Collin steps in with a rebuttal to the Noble Professor:
For those unfamiliar with what he’s portraying in the image- it has three separate wells all the same area. Each of these wells are likely pulling oil (and gas) from several directions underground with each meeting at this particular point.
Contrast that to the wells in Kern River where each individual plumpjack, er pumpjack, is a well.
Kern River is an old school oilfield where someone basically just punched a straw straight-up milkshake-style into the ground and up he/she/they/ze/zir/attack helecopter gushed.
Collins’s image shows something far more state of the art.
Kern River Oilfield can still be appreciated to this day for providing a nice chunk of California’s oil and occupies a well (pun intended) deserved place in the state’s history. Chevron is the main man in the area, which triggers Imbecile-King Gavin Newsom on multiple fronts. It’s has been producing oil since the late 1800s and by 2006 had produced roughly 2 billion barrels of the stuff with an estimated 476 million left. Those figures are from 2006, before the fracking revolution and other modern extraction technologies became mainstream. (Except in CA where their use is not allowed.)
The amount of energy (and things) produced with all that oil in Kern River alone over the last century and a quarter is likely impossible to quantify. One barrel of oil is equivalent to 1.7 kWhr of electricity aside, the miles of road, millions of acres of crops harvested by diesel tractors, millions of road trips made in automobiles, private jet trips made to Davos, etc made with all that oil is likely astounding.
Kern River Oilfield produces something else too: natural gas.
Now here’s something we can somewhat quantify directly to Team Wind: the natural gas the field produces is used to generate electricity.
So much of it in fact that in the middle of the field sits two natural gas co-generation plants. At a combined nameplate capacity of 600MW, Kern Canyon Cogen and Sycamore Cogen produce arguably the cleanest fossil-based electricity in the state. While that doesn’t necessarily sound impressive, keep in mind geothermal and hydro capacity aren’t likely to go anywhere up, and neither is nuclear.
The capacity factor of natural gas cogeneration plants are roughly double that of the best wind sources at 54% (rounding down). That’s also slightly over double Alta’s, e.g., the larges wind farm not only in the state, but the country.
Some basic math:
Alta Wind Energy Center: 1550 MW * 8766 hours per year * 23.5% cap factor/100 = 3, 193,016 MWhr
Kern River Oil Field Nat Gas. Plants: 600 MW * 8766 * 54% cap factor/100 = 2,940,184 MWhr.
While Alta Wind Energy Center, given these figures generates roughly 6% more energy over one year, it takes almost three times the land area to do so in an area that takes up just a fraction of San Francisco.

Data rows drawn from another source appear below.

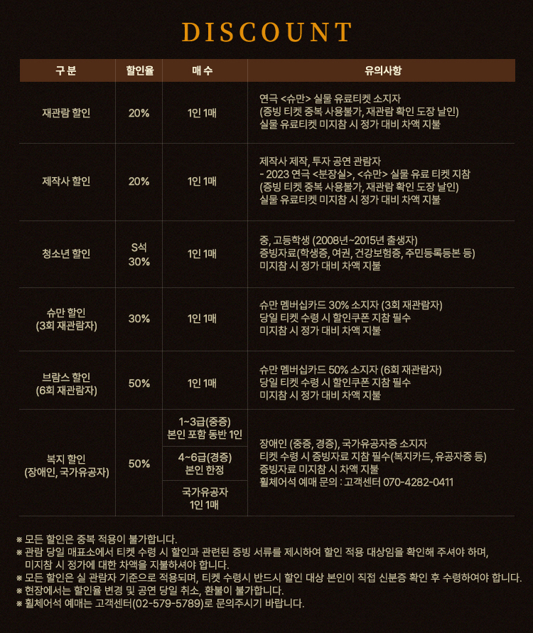 - 관람일 2일전 ~ 취소기한까지: 티켓금액의 30%
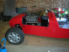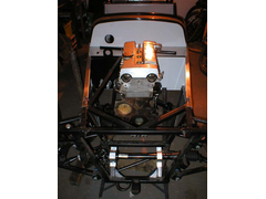 Engine bay of Mike Laws Locost showing modified 'R' tube
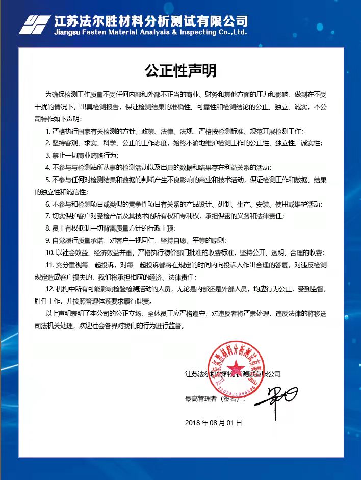 2018年江苏法尔胜材料分析测试有限公司公正性声明
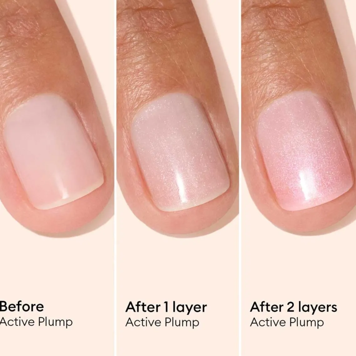 Active plump giver hydrerede, synligt fyldigere negle! Denne hybrid mellem neglepleje og makeup er fyldt med kollagen og skaber en volumengivende effekt, samtidig med at den efterlader en smuk, perlemoragtig babyrosa finish. Med en formel, der er 74,5% plantebaseret, fugter og nærer Active plump neglene i dybden. Fyldt med plantebaseret kollagen og ferskenekstrakt arbejder den for at styrke og pleje neglene, hvilket giver dem et sundt og fyldigt udseende.
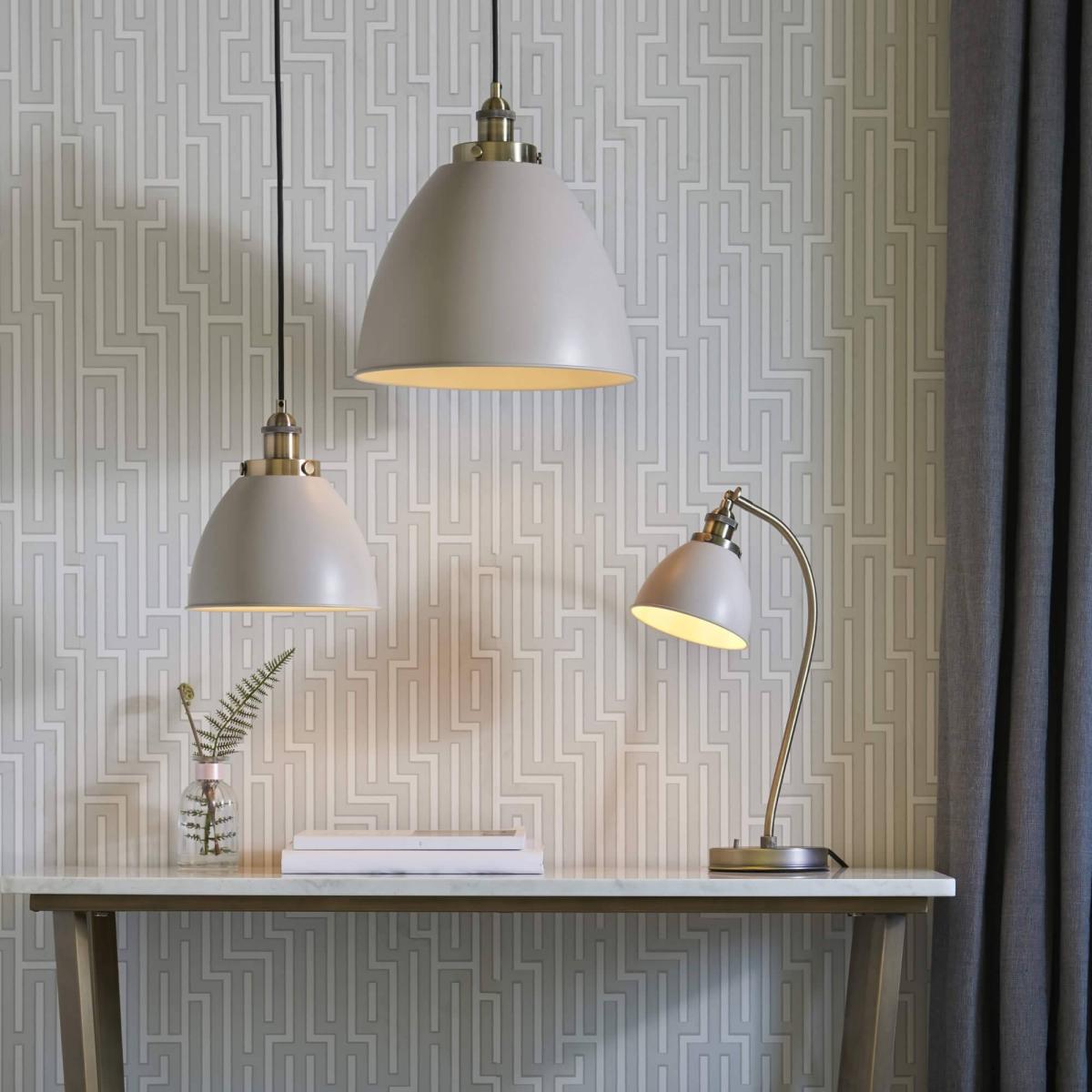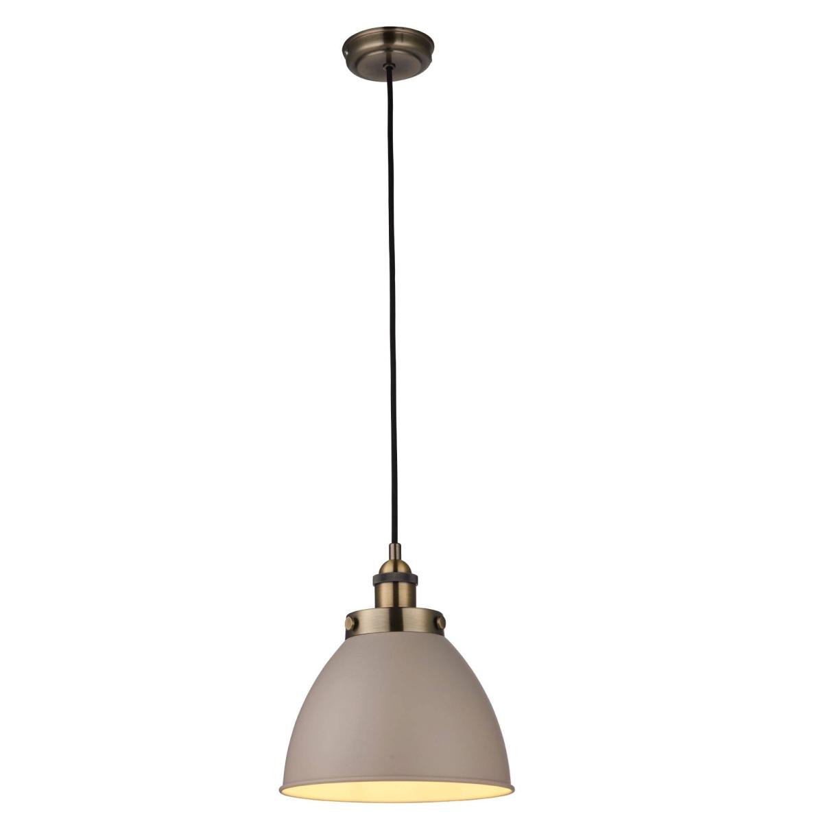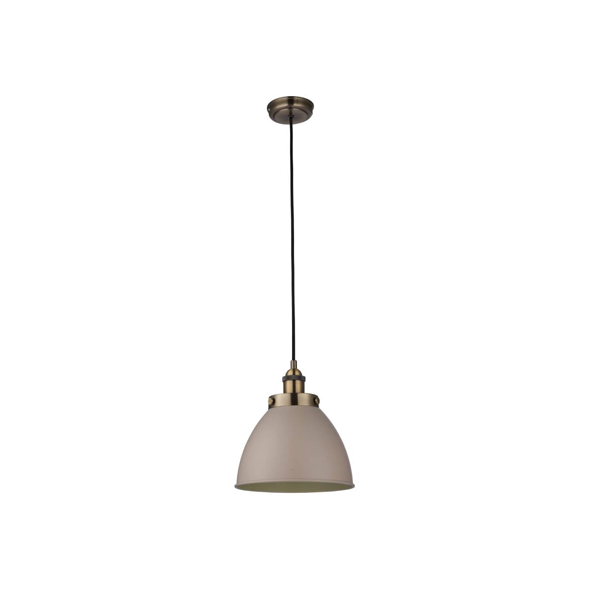 Industrial pendant ceiling light boasting a taupe finish. An elegant addition to your home, this ceiling light is part of the Franklin range from Endon. Dome in shape with a taupe finish, this industrial fitting comes complete with antique brass detailing. The pendant is suspended by a black fabric flex which can be adjusted in height. A beautiful piece sure to look amazing in kitchens, dining rooms and living rooms.

It’s also easy to play the telephoto compression game with said area too.
Opinion on whether oil fields (dense or not) are uglier than wind turbines is of course that - one’s opinion. There’s likely a huge overlap of people who don’t want to have to see either from their backyard. But in the “which energy dick is bigger” Olympics, good ‘ol Kern River Oilfield is likely going to beat Team Wind anywhere any day.
Last words from Hirth:
We need as much energy from as many sources as possible to ensure humans flourish. Germany is poster child for what not to do.
Green Energy has never produced any net power to the user. Fossil Fuels have a long history of producing the power that we need.